Interminavelmente ferimos e somos feridos. E nos queixamos das aflições a nós impostas, esquecemos as que aplicamos aos outros. Falamos e falamos para nos justificar, acusamos os demais, forjamos a consciência infeliz, longe da alma pacificada. O perdão deveria ser silente, não palavroso, não ostensivo. Mas nos enredamos na teia das palavras e não perdoamos de fato. Trata-se de matéria delicada porque, desprovido da graça divina, tal “perdão” traz mais sofrimento para o perdoado. A doença chamada sinceridade aproveita aquele gesto e, num instante, revela indivíduos que supostamente perdoam, mas julgam impiedosamente os fracos caídos. Alguém que perdoou, com muita probabilidade produz o ressentido. Quando tudo foi dito e o semelhante está prostrado, não há perdão, mas um fardo existencial sem vida e seiva.

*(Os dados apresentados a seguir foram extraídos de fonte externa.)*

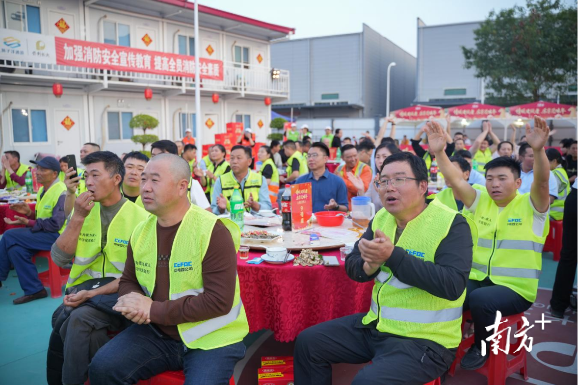 傍晚时分,东莞沙田镇狮子洋通道工地亮起灯光。作为粤港澳大湾区核心枢纽工程,往日以钢筋水泥和机器轰鸣为主角的施工现场,这一晚多了歌声、笑声和烟火气。留莞坚守的一线建设者围坐在一起,提前吃上一顿热乎的团年饭。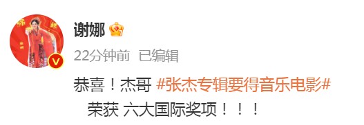 谢娜随后发文恭喜杰哥,并表示6个奖项中,自己最羡慕的是最佳演员(Jason Zhang )和最佳表演奖。“因为我可是学表演专业的啊”!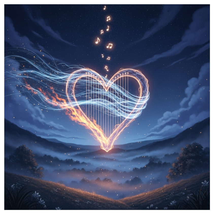 Harp, hurdy-gurdy, lute, frame drum, flute, Two voices (male/female), modal melody (Dorian or Aeolian), 68–72 BPM, free-floating, like a pilgrim's song at dusk, Spiritual, delicate, worldly, yet devout—like a minstrel's lament for a time between nature and creation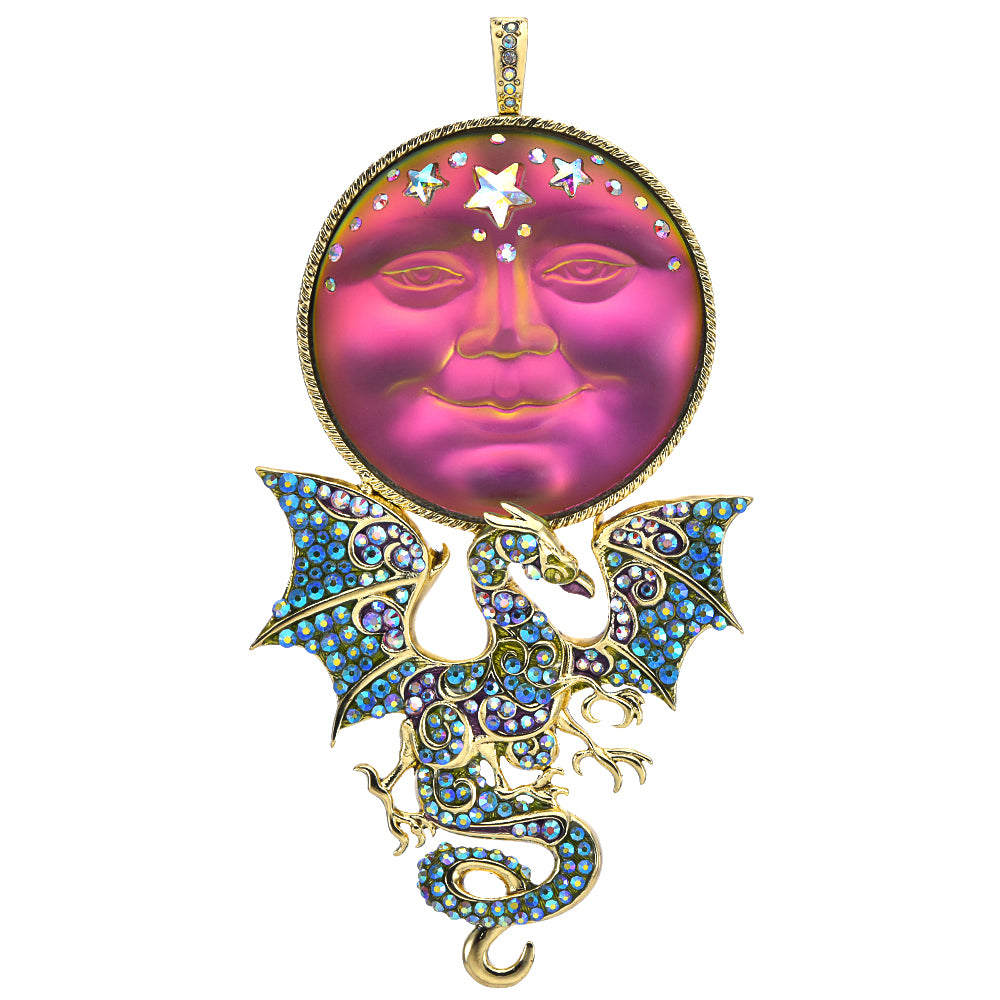 Mystic Seaview Moon 50mm Protector Of The Realm Dragon Foldover Pendant FREE 30" Twisted Sister Black Cord Necklace (Goldtone/Mystic Iridis)

Cautela também com os perdoados: o seu ressentimento pode estar embebido no desejo de vingança: se recebeu perdão é porque, pensa, o que o perdoou o julga inferior, imperfeito, longe do bem e do belo. E ressurge o desejo vingativo, implacável e que jamais perdoa. A ingratidão do ressentido tem origem no gesto que ele julga um insulto à sua altivez. Lúcifer não deseja ser perdoado porque se afirma à altura do Altíssimo. Ele quer poder absoluto e vingança. A leitura de O Paraíso Perdido ensina muito sobre a psicologia do perdão, do ressentimento e da vingança.
Misericórdia
A misericórdia difere do perdão. Só a pode possuir um ser que não peca, pois é infinito e sem desejos ou paixões. Do seu regaço eterno ele presenteia as criaturas com amor sem limites, gratuito. A misericórdia e a graça divina se enlaçam de modo misterioso. Façam os homens o que fizerem, Deus está ao seu lado para oferecer vida, beleza, bondade. Deus não se ressente com a nossa maior perfeição, mas a possibilita. Ele se alegra no instante em que os humanos se perdoam reciprocamente. Naquele momento eles são divinos.
Perdão e misericórdia
Entretanto, a tentação do orgulho e do ressentimento, não raro, transforma o perdão em coisa diabólica . É quando ele adquire o conteúdo venenoso da política, da troca econômica, do controle clerical. A mais clara imagem da diferença entre perdão e misericórdia a temos no símile do casamento entre Deus e o povo. Este último é comparado à prostituta que é infiel ao amor divino. Mas Deus ama Israel, está sempre disposto a lhe enviar vida e bênçãos. Uma prostituta pode perdoar outra, um coletivo pode perdoar o seu concorrente, mas apenas Deus traz o perdão que a todos pacifica, sem a ninguém humilhar porque a todos transcende. Ser perdoado por outro ente humano pode produzir os piores ressentimentos e a vingança. Ser perdoado por Deus traz alegria perene porque a diferença entre Ele e nós é incomensurável. Meditar sobre o livro de Jó também auxilia a perceber o vínculo entre criaturas finitas e falíveis e o Altíssimo.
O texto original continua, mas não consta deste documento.